秦安安说话的时候,那压力蹭蹭的压向云袅袅。
云袅袅干蠕动嘴唇,不行,不行,却说不出个所以然。
看到秦安安脸色彻底阴沉下来,明言轻叹口气。
“臣遵旨。”
云袅袅不甘心的看着明言,两眼一翻晕了过去。
一旁的明慧……
早就让你晕你不晕,现在你晕还有个毛用。
秦安安挥手,“来人,召太医给明夫人看看。
可别让外人说朕欺负人。”
太医匆匆而来,说白了云袅袅就是气急攻心。
太医给她扎了两针人就醒过来了。
只是还不等她哀嚎出声,秦安安已经摆手让她退下。
“行了,没事就退下吧。”
云袅袅那个不甘心。
可没办法,明言的手就跟钳子一般抓着她的手臂。
她疼的什么都说不出来。
回到明府,云袅袅就气病了。
明言却不管她,直接给那位妾室办了平妻宴。
当众人知道是秦安安的旨意后,竟然还有人送来贺礼。
云袅袅气的额头更加的痛。
“小姐呢,让小姐过来侍疾。”
结果下人来回禀,明慧带着下人出门了。
这又是给云袅袅气个够呛。
短短三日,她就老了一圈。
明言更甚,趁着她生病直接夺了她的掌家之权。
云袅袅这一病就不怎么容易好了。
这天,明楚河终于来看她了。
看到自己最疼爱的儿子,云袅袅那眼泪控制不住的流下。
“儿子你一定要给娘做主,他们、他们欺人太甚。”
明楚河静静地看着云袅袅哭的悲惨。
伸手给她擦了擦眼泪。
“娘,你好好活着,儿子会孝顺你的。”
云袅袅眼睛一瞪,心里有不好的预感。
“儿子,你这是什么意思?啊,你这是什么意思?”
明楚河的眼神莫名的有些悲哀。
“娘,有些事儿子已经知道了。
当年的事情您是做错了,所有人都可以怪您。
但儿子不行,毕竟没有你,就没有现在的我。
所以娘,你没有必要争,因为我爹的心一直都不在你身上。
你放过他,也是放过自己。”
云袅袅第一反应就是眼神闪烁,随即更加用力的瞪大眼睛看着明楚河。
“谁跟你说的,是秦安安那个贱人,还是……”
“娘慎言!”
“慎言什么,这里又没有外人,还是靖王妃那个贱人……”
“够了,是我跟楚河说的。”
明言抬腿从外面走了进来,看着云袅袅的目光好像看着陌生人一样冰凉。
“为了楚河和陛下的情意,我已经将当年的事情说了。
女儿为母亲出头,陛下没有做错。
她没有牵连楚河你就偷着乐吧。”
云袅袅摇头,“不,不,老爷,我们这么多年,你对我真就一点儿感情都没有吗?”
明言看了明楚河一眼,“如果没有他,我绝不会留你。

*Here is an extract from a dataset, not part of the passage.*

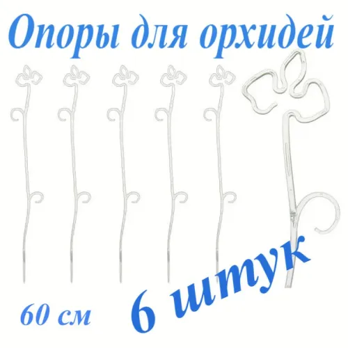 Опора для орхидей изготовленаиз экологически чистого прочного гибкого материала. Держатель для орхидей предназначен для поддержки цветоносов и направления роста стеблей, чтобы избежать перегибов, сломов, роста вниз и опрокидывания горшка. Стебли нужно аккуратно зацепить за крючки на опоре и за верхнюю фигурную часть. Обычно взрослая развитая орхидея выпускает по три стебля-цветоноса. Прозрачный цвет не отвлекает внимания от красоты цветов и гармонирует с оконным стеклом.
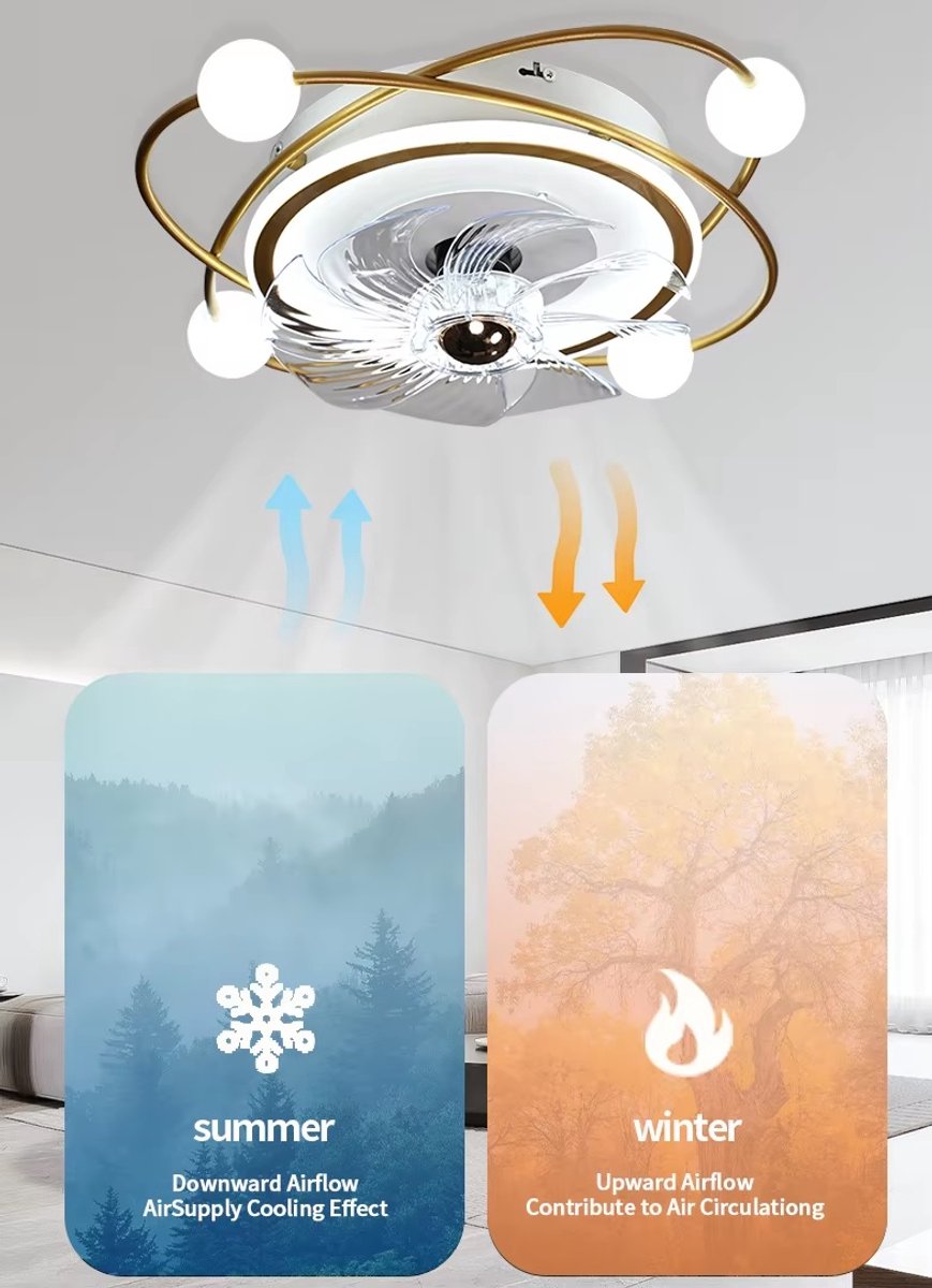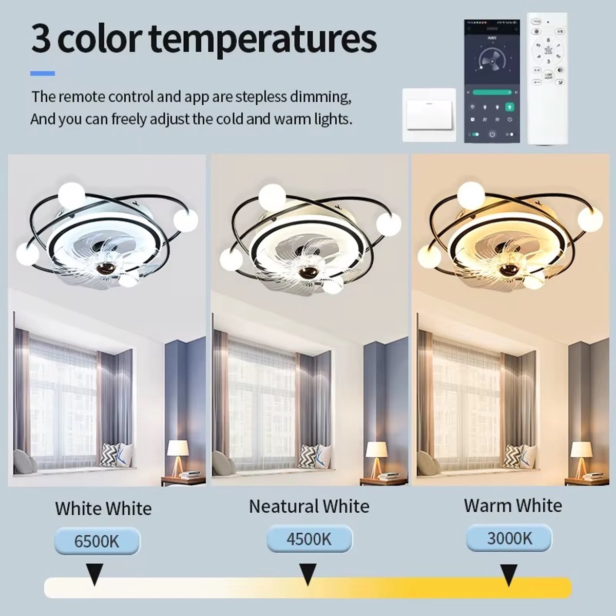 Mobiele\App-bediening ventilator, geen stappend dimmen en zes windsnelheden.U kunt de windsnelheid en kleurtemperatuur kiezen die bij u past.

”
这句话代表了一切。
明楚河心里也不知道是什么滋味。
整件事中到底是谁的错?他不想说出来。
毕竟如果云袅袅当年没那么做,就没有自己。
也许秦安安就是自己爹和靖王妃的孩子。
那自己真的就和秦安安没有任何的可能。
所以明楚河自私的想着,这样也挺好。
毕竟靖王妃现在也很幸福。
他爹也有了新人,至于自己娘,他以后会好好照顾的。
在云袅袅不甘心的哭嚎声中,父子俩一前一后走了出去。
寂静的院子里,明言停住脚步看着广阔的夜空。
“楚河,爹不后悔有你这么个儿子。
你是爹昏暗的人生中唯一的一道亮光。”
刚才差点认为自己没有价值的明楚河一下子红了眼眶。
“爹!”
他怎么可能不了解心爱之人嫁给别人的痛苦。
明言叹了口气,伸手拍拍明楚河已经不再稚嫩的肩膀。
“你也别怪陛下,她是为了你好。
后宫里除了你都是女人,你不光要对付她们的刁难,还要防备她们对你的陷害。
现在让你知道她们折磨人的手段,你以后应付起来就容易多了。”
明楚河认真的点头,“爹,楚河明白。”
“好,你放心,有你在,爹不会对你娘怎么样的。
只是有些事,她不应该痴心妄想。
爹希望你明白。”
明楚河心里苦涩,“爹,我明白。”
夜风吹过,一切似乎回到了从前,又好像有什么不一样。
明楚河还以为自己在大婚之前都要受折磨。
谁知道秦安安竟然悄无声息的出宫了。
看到秦安安来,两个嬷嬷愣了一下随即跪在地上。
“奴婢见过陛下,陛下万岁万岁万万岁。”
明楚河自然也跪在地上行礼。
只不过他是单膝跪地。
秦安安没搭理两个嬷嬷,上前将明楚河亲手扶起来。
“今日有空,特意过来看看你学的怎么样了。”
明楚河垂眸轻笑,“谢陛下将臣放在心上。”
秦安安摇头,“没事,我们夫妻不说外话。”
转头看向那两位嬷嬷,“朕的未婚皇夫学的怎么样了?”
这两个嬷嬷一看就挺刁钻刻薄的,那三角眼上挑的能挑起人。
另一个嘴唇薄的都快看不出来,没一个善茬。
这皇甫欣怡还真是下了一番苦心啊。
三角眼嬷嬷眼珠微动,“陛下放心,明公子学的还是可以的。”
哦。
秦安安轻轻点点头,“你们两个起来回话。
都这么些天了,你们都教了些他什么?”
王嬷嬷,也就是三角眼嬷嬷又是她回话。
看样子这两个人是以她为首的。
王嬷嬷,“明公子正在学习宫中礼仪!”
秦安安看不出是喜是怒,依旧表情淡淡的。
“哦,那还有什么?”
王嬷嬷停顿了下,“没有,其他的等明公子学习完宫中礼仪,合格了之后再行学习其他的。”
啪的一声。
秦安安突然拍了下桌子,“你们是不是太不把朕放在眼里了,竟然糊弄朕。
来人,给朕拉出去斩了。”
两个嬷嬷都懵了,不过并没有太过慌乱。
齐齐重新跪在地上。
“陛下恕罪。”
王嬷嬷耿耿着脖子,“陛下不知奴婢犯了何错,奴婢自认为忠心耿耿没有任何私心。
陛下如果非得要杀了奴婢,怕是太皇太后那里也说不过去吧。”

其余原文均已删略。